Anne, if an object has a negative velocity and a negative acceleration, it's still speeding up. Or at least, if increasing speed means speeding up haha.
Tim, if an object has neg. velocity and negative accel., it is simply speeding up while traveling away (negatively) from the origin. But, that would simply mean acceleration is constant no?
If your velocity is negatively changing at (-1 m/s) then you want to DECREASE your acceleration, meaning if your negative, it would be going closer to zero, you would have to let air friction take over. As in the car example, if you are going 60 mph, and you take your foot off the petal, your acceleration is now decreasing, but the force of air is still propelling you forward at 60 mph for a few seconds before you actually start slowing down.
And Arjun, think about it like this V^2 = Vo^2 + 2ad, 30^2 = V0^2+ 2ad 2(30^2)= 2(Vo^2 + 2ad) thus resulting in 4d. I dont know if this helps but it helped me
Yes, you can use a calculator, but I advise only using it when you absolutely cannot do it in your head. Mr. Rodino said that during multiple choice part of our test we will not be able to use our calculators, so yup.
for question number 3 on the practice problems, what would be your initial equation? I think you would have to solve for the distance both of them go to be equal so you'd set the ball dropped equal to the ball thrown instead= to d, but im not sure that would get me anywhere
Oh, and Anne, another way to look at the acceleration problem:
Imagine a car that goes 0 to 60 m/s in 5 seconds. This same car has a top speed of 120 m/s.
If I slam the pedal, it's certainly going to take longer to go from 60 to 120 than it did to go from 0 to 60, and by the time I hit 120 my acceleration will be at 0. During the whole time, my acceleration was decreasing but my velocity continued to increase.
Tim and Anne, an easier example would be to imagine a rocket with an engine. It starts not moving and then blasts off at a major acceleration because of the rocket fuel and stuff. And when the rocket fuel runs out, and the rocket starts to fall, there will be a point, right as the engine runs out of fuel, that the rocket will be going faster (air friction), and the acceleration will slowly be decreasing to -9.8m/s. THEN, once the acceleration is negative, the rocket will start to fall.
And Anne for #6, the brakeing force simply means you are applying constant (negative) pressure, the number doesn't really matter. And twice as fast is yes, 60m/s.
Ok Arjun, I don't know if my first way made no sense so here is another way to explain it When it says same breaking force it means that it is the same deceleration rate as when the car was going 30 m/s. So what that means is when even though your going 60 m/s, you are still decelerating at the same rate. Normally, If you double speed, everything (including acceleration and distance) will double. However, you are not doubling acceleration. to make up for that, you quadruple the distance thus making it 4d. Again I suck at explaining so if this makes no sense sorry.
Sid, i still don't get it, lol.
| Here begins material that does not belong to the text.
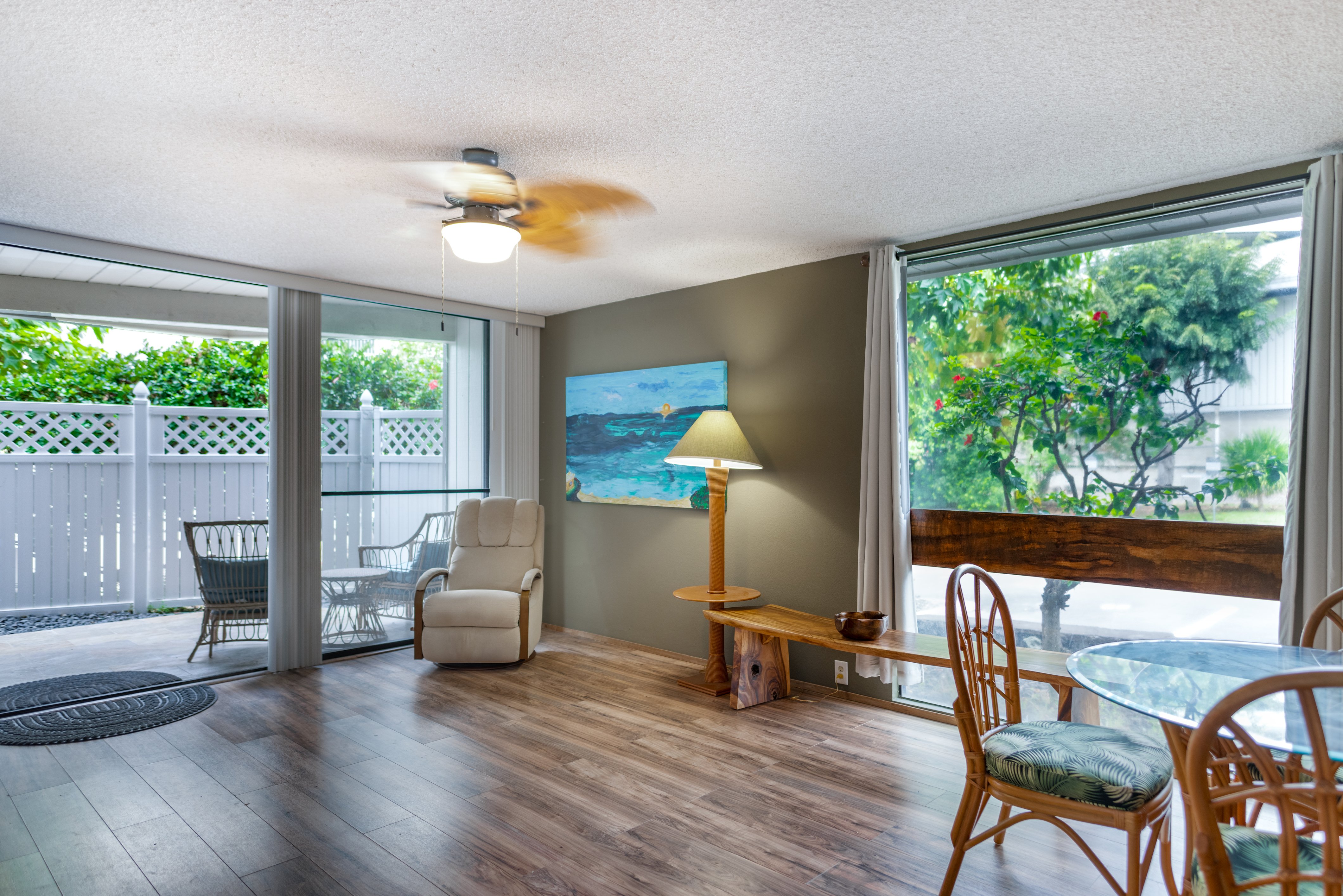 This 1Bd/1Ba condo has a private lanai with a gate right to your parking spot. There is also access to the local shopping center through a gate next to the parking spot.

There must be some use of some eqn, the eqn's you used above can't exactly be used because we don't know initial velocity.?
oh wait, lol i Meant to say Anne,or who ever asked about number 6. Ya the with the equations Im just trying to say that velocity is doubled and distance is too but acceleration remains the same so you double distance again. I don't know if that makes sense either but it does to me.
this has nothing to do with the work sheet, but can someone expain to me how area and slope and positives and negatives work into converting a v vs. t graph to both an a vs. t graph and d vs. t graph?
Emily, for number 3, since i haven't done it, i do not know the exact equation. BUT, think of it this way, then the two balls meet, their TIME will be the same. Use that information to come up with 2 equations since you know initial velocity and stuff and set those equals and yeah.
First, you want to set the distances = to each other (The balls will not have traveled the same distance, but they will be the same distance from the ground. So we will write the equation using the ground as our x-axis).
The Left side is the ball that is thrown upward (hence the 25*t for initial velocity), the right side is the dropped ball (you add 15m because it starts that far off the ground).
Maggie, from a v vs. t graph to an a vs. t, you use the slopes to determine whether the lines go above, below, or on the x-axis. From a v vs. t to a d vs. t, that is when you use the areas above and below the x axis to create the points on the d vs. t graph. Also, wherever the line is horizontal on the v vs. t, you draw a straight line in between the 2 points on the d vs. t. yea idk if that answered you're question at all but whatever haha
On Multiple choice question #6 with the car traveling 30 m/s and stopping in distance d. With the car doubling the speed it stops in distance 4d. I got the right answer because i've seen these questions before, but i still have no idea how that's correct. Can someone please explain that to me.
I'm with John. For Number 6 MC, i got it right because i know that as velocity increases, you have to square the distance for that and stuff thanks to Drivers Ed. (Woohoo?) But, i don't get it, would someone use equations or something to solve it? Thanks.
Yeah sid tried to explain to me #6 earlier (like what he said above) but that went over my head because if you use the equation : {v = vot + 2ad} then wouldnt the stopping time for #1 be 2d with that logic?
Okay, I tried to look for David's entry because lalbert said his explanation helped, but I don't see any David's here... so I'm pretty frustrated right now. :(
Uhm, but Taek, the acceleration in your equation would be -9.8m/s^2. right ? Not m/s ?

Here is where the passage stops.